**Problem requirements**
Output all of the data exactly, keeping any images out of the copy.

**Supplied information**
◇ ◇ ◇ ◇ ◇

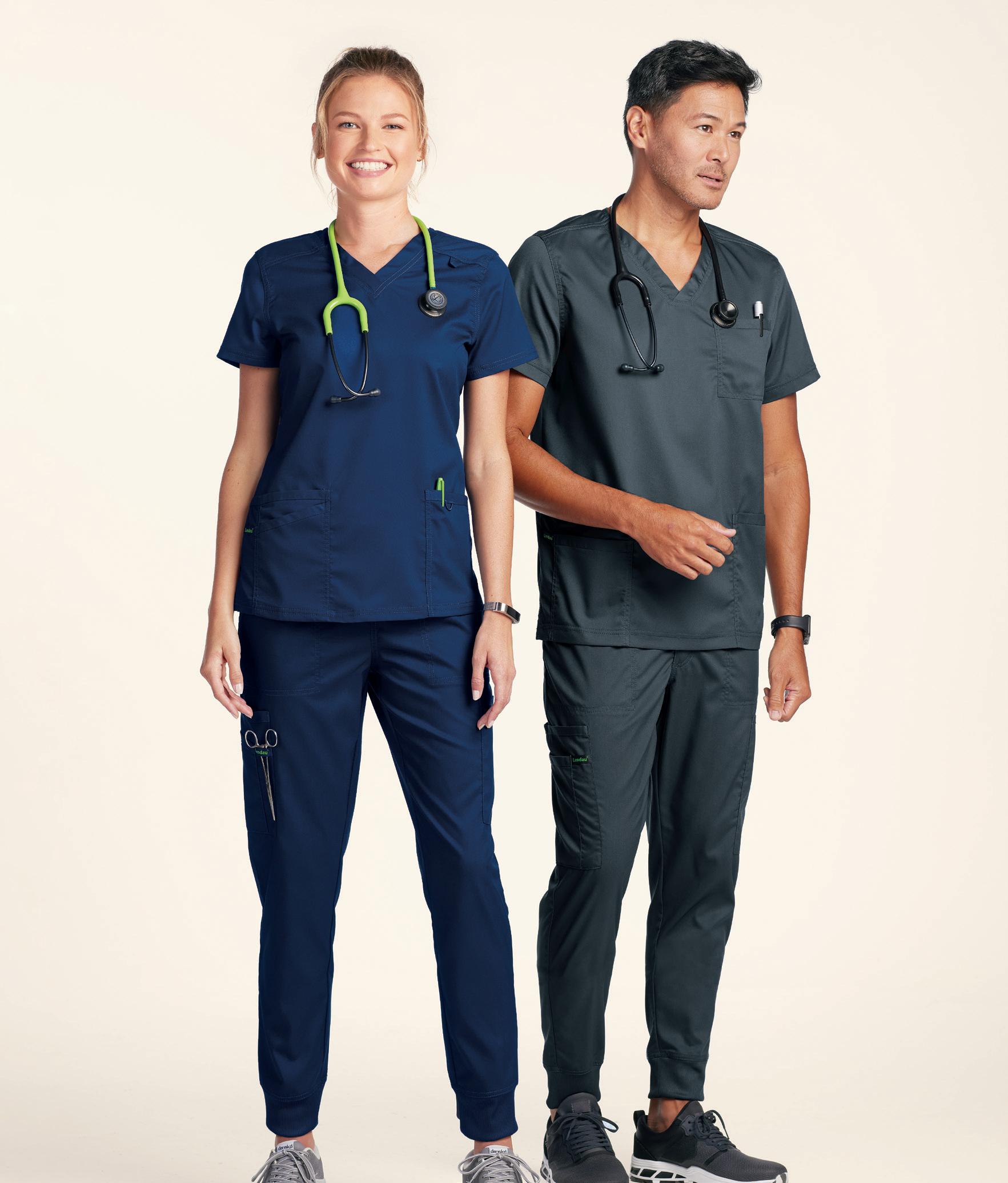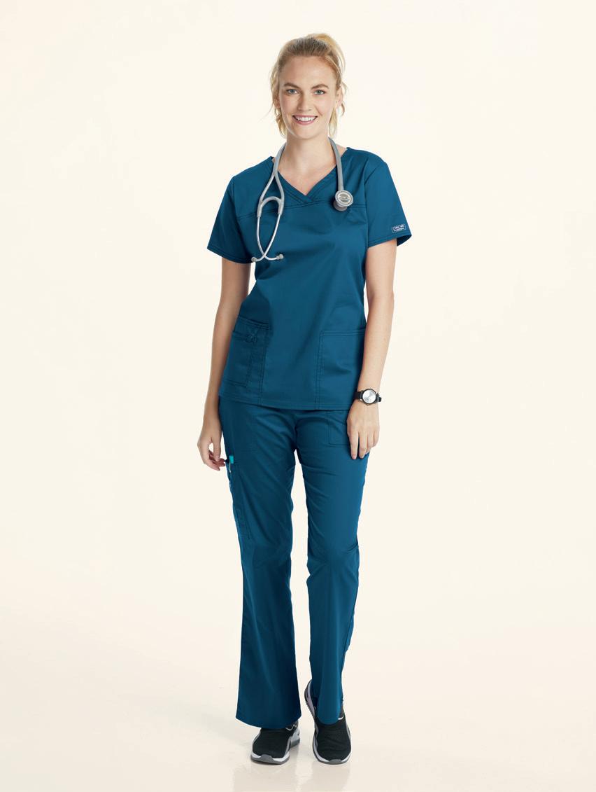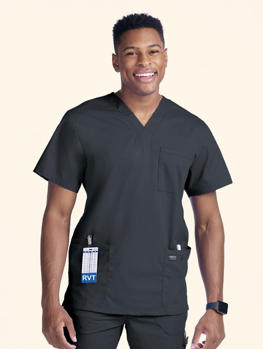 TOP RIGHT: C12137 Tuck-in Top V-neck, chest pocket, mesh-lined back panel, curved hem. Starting @ $39.99 C52137 Cargo Jogger 6 pockets, elastic waistband & cuffs, drawstring. Starting @ $49.99 BOTTOM LEFT: C12237 Men’s V-neck Top 4 pockets, vented back with mesh lined panel, badge loop Starting @ $39.99 C52237 Men’s Slim Leg Pant 6 pockets, rib knit waistband, bungee badge loop, drawstring. Starting @ $49.99 BOTTOM RIGHT: C15037 V-neck Top 2 pockets, badge loop. Starting @ $39.99 C55037 Cargo Pant 6 pockets, elastic waistband, functional zipper fly, belt loops. Starting @ $49.99
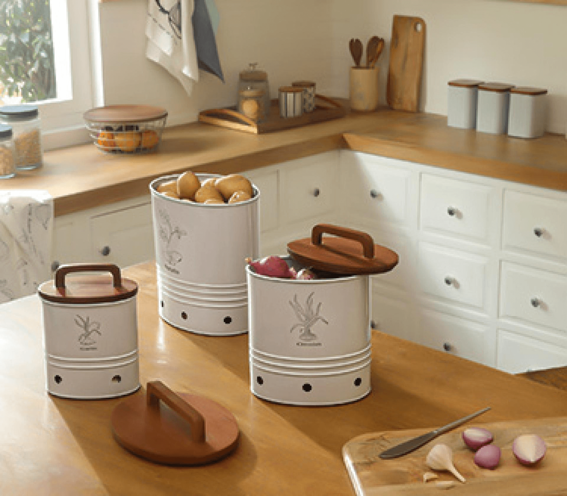 Egg Shell Metal Potato Storage Bin With Wooden Lid
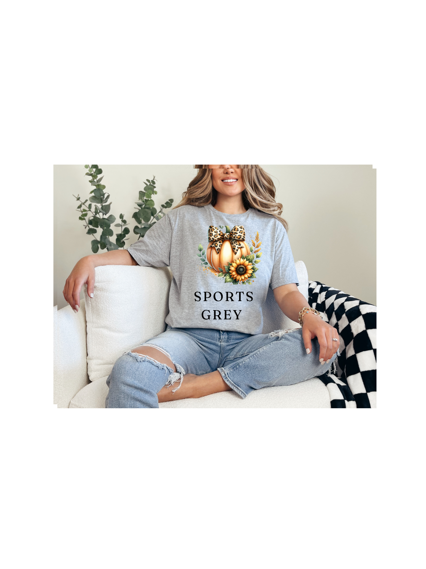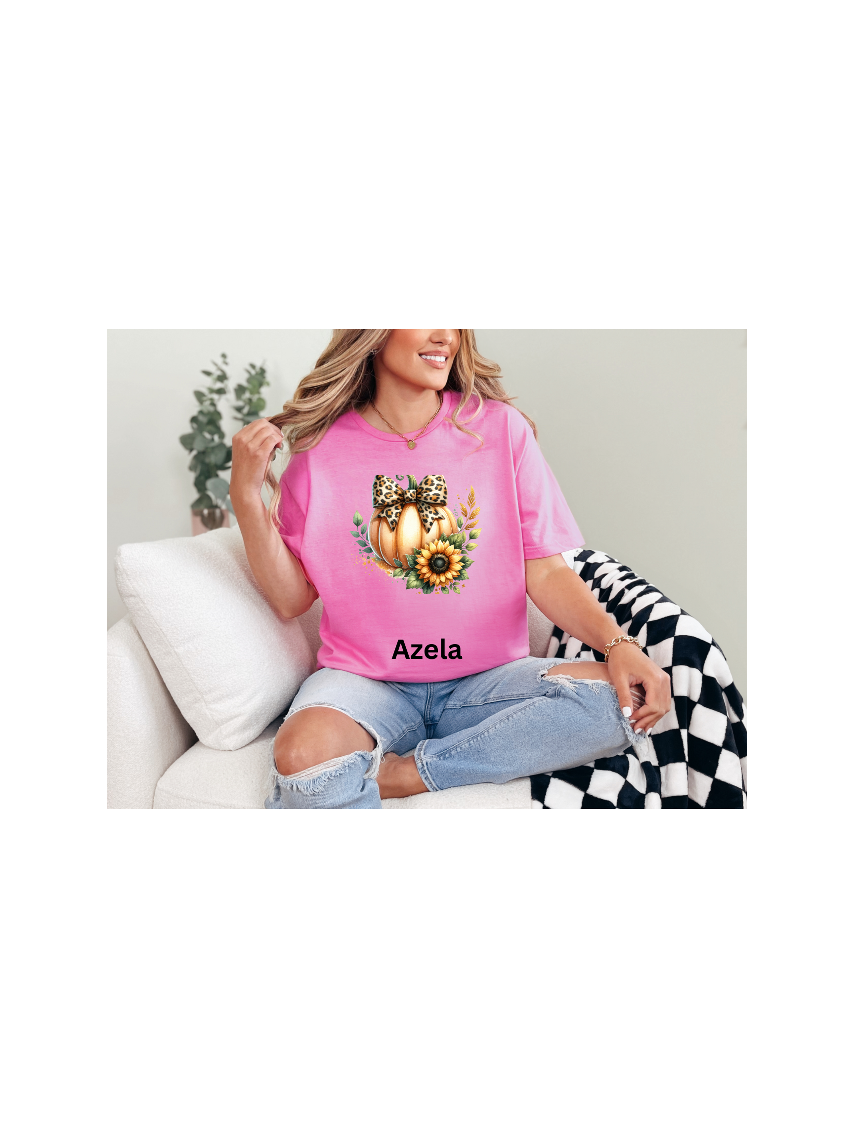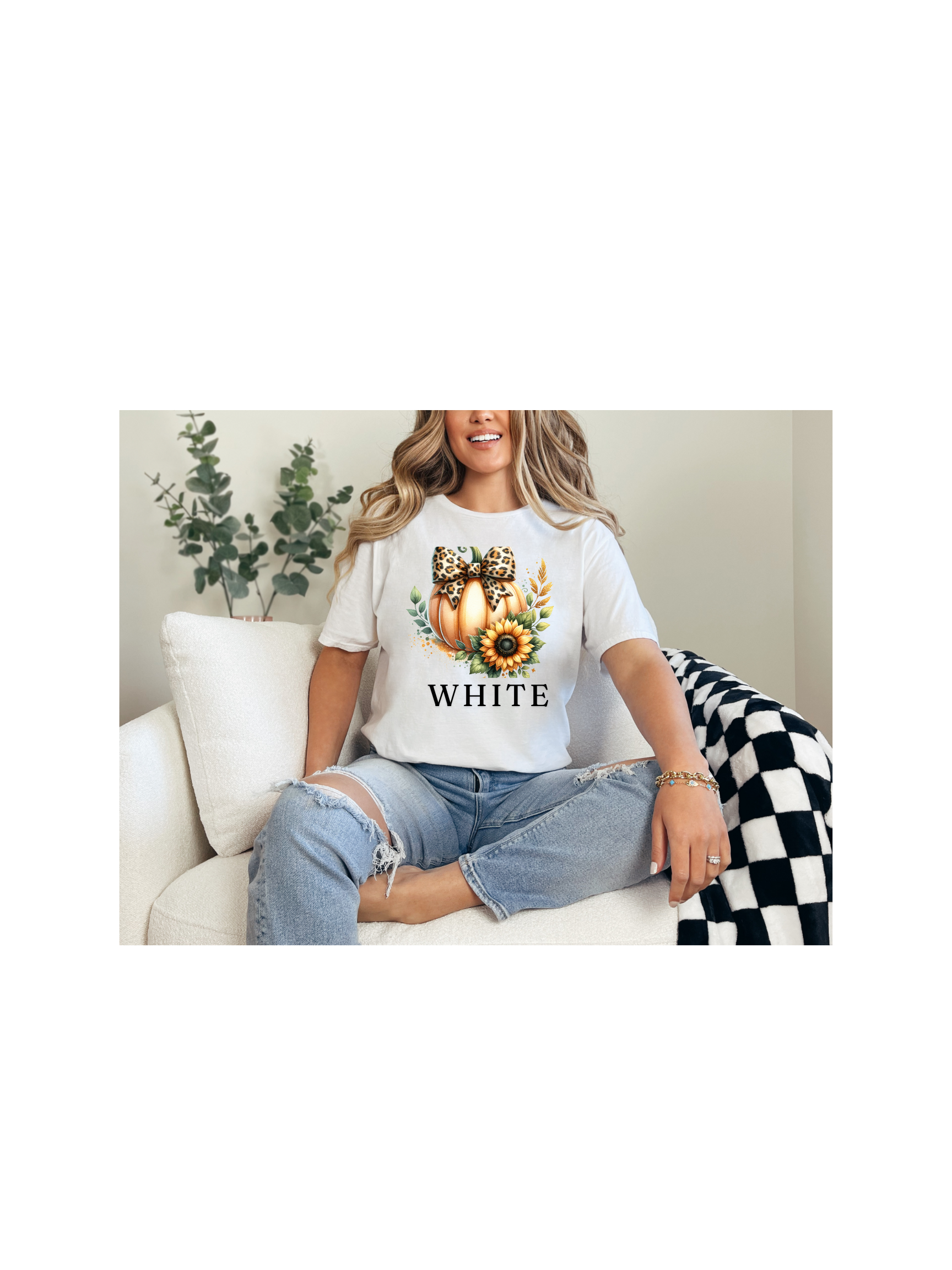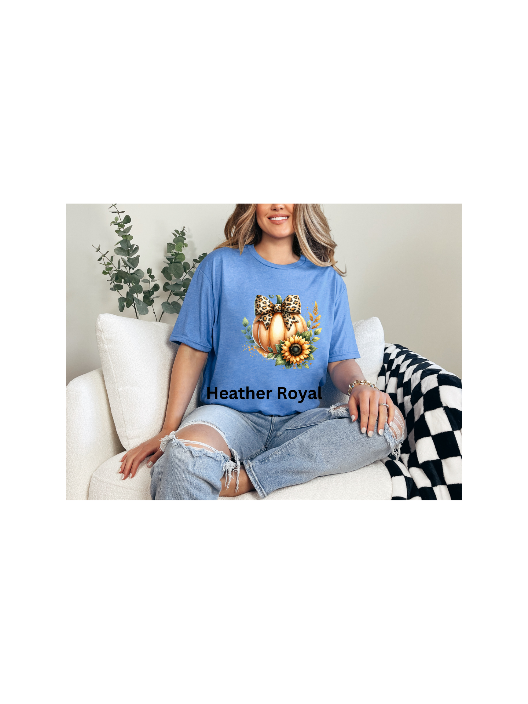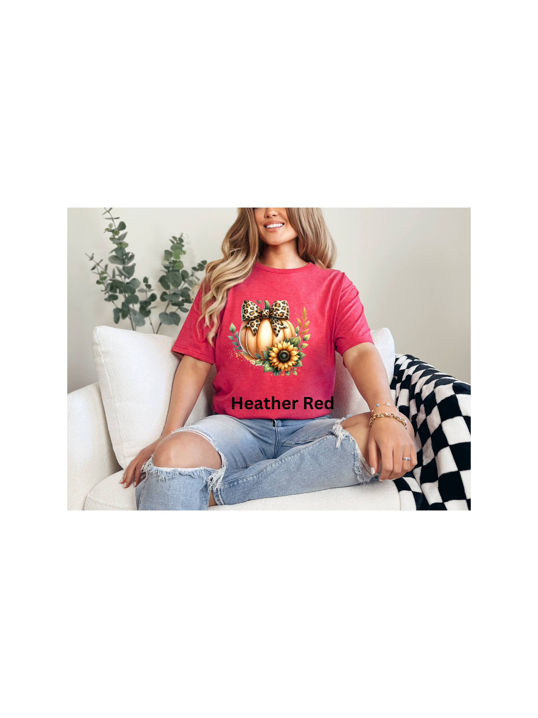 Get ready for the fall season with our playful Pumpkin Tee! Featuring a charming pumpkin and sunflower design, you'll be sure to stand out in style. Embrace the fun and celebrate the season with this quirky tee. (Available in multiple sizes. Order now!)

◇ ◇ ◇ ◇ ◇

**Exercise output**
 TOP RIGHT: C12137 Tuck-in Top V-neck, chest pocket, mesh-lined back panel, curved hem. Starting @ $39.99 C52137 Cargo Jogger 6 pockets, elastic waistband & cuffs, drawstring. Starting @ $49.99 BOTTOM LEFT: C12237 Men’s V-neck Top 4 pockets, vented back with mesh lined panel, badge loop Starting @ $39.99 C52237 Men’s Slim Leg Pant 6 pockets, rib knit waistband, bungee badge loop, drawstring. Starting @ $49.99 BOTTOM RIGHT: C15037 V-neck Top 2 pockets, badge loop. Starting @ $39.99 C55037 Cargo Pant 6 pockets, elastic waistband, functional zipper fly, belt loops. Starting @ $49.99
 Egg Shell Metal Potato Storage Bin With Wooden Lid
 Get ready for the fall season with our playful Pumpkin Tee! Featuring a charming pumpkin and sunflower design, you'll be sure to stand out in style. Embrace the fun and celebrate the season with this quirky tee. (Available in multiple sizes. Order now!)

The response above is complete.